WHAT THIS TASK INVOLVES: Each line from the one holding "This refined model" to the last line of the listing must be set down exactly. No pictures are to be included.

THE DATA:
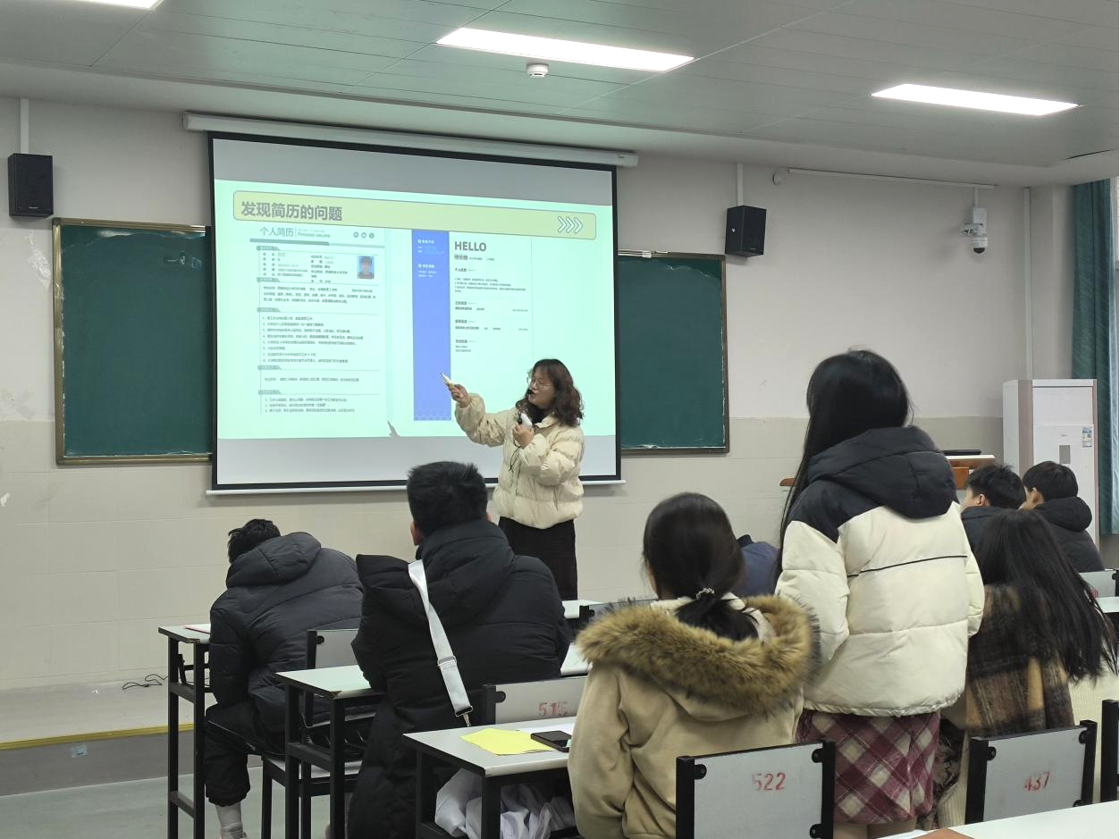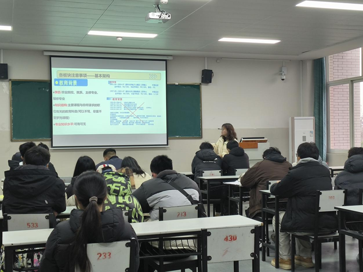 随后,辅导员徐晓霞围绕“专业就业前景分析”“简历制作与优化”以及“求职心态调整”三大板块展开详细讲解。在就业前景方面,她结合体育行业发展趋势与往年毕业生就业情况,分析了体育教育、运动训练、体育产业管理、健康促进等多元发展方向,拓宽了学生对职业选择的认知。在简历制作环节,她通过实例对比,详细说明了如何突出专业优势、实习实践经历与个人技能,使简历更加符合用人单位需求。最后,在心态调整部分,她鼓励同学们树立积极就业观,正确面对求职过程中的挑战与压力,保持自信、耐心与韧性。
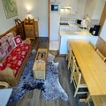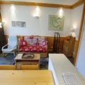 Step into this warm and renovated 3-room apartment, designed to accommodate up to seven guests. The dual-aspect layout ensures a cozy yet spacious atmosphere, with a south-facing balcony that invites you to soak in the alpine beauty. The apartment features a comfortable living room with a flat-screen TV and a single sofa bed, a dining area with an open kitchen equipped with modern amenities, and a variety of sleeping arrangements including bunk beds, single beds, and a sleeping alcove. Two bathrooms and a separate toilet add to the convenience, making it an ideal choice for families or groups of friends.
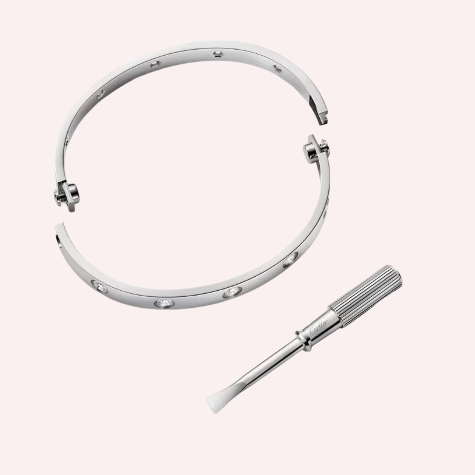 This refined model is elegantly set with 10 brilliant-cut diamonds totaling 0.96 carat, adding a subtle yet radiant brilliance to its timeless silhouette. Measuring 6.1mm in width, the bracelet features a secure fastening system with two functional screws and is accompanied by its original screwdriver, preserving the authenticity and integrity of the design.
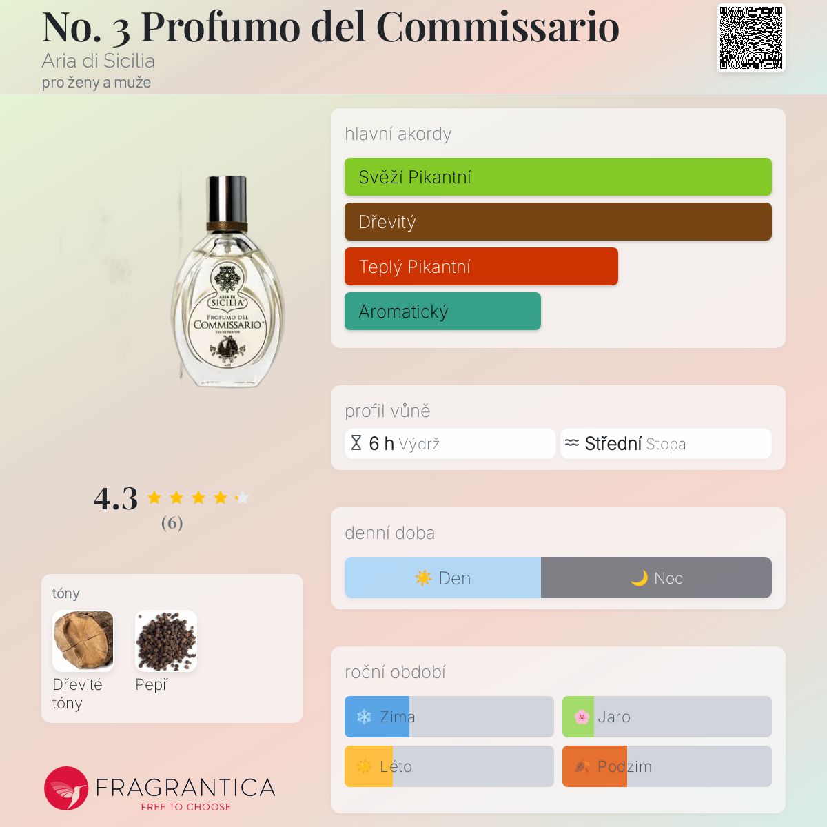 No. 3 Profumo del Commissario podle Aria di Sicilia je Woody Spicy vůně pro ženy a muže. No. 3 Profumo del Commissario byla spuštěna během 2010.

EXERCISE RESPONSE:
 This refined model is elegantly set with 10 brilliant-cut diamonds totaling 0.96 carat, adding a subtle yet radiant brilliance to its timeless silhouette. Measuring 6.1mm in width, the bracelet features a secure fastening system with two functional screws and is accompanied by its original screwdriver, preserving the authenticity and integrity of the design.
 No. 3 Profumo del Commissario podle Aria di Sicilia je Woody Spicy vůně pro ženy a muže. No. 3 Profumo del Commissario byla spuštěna během 2010.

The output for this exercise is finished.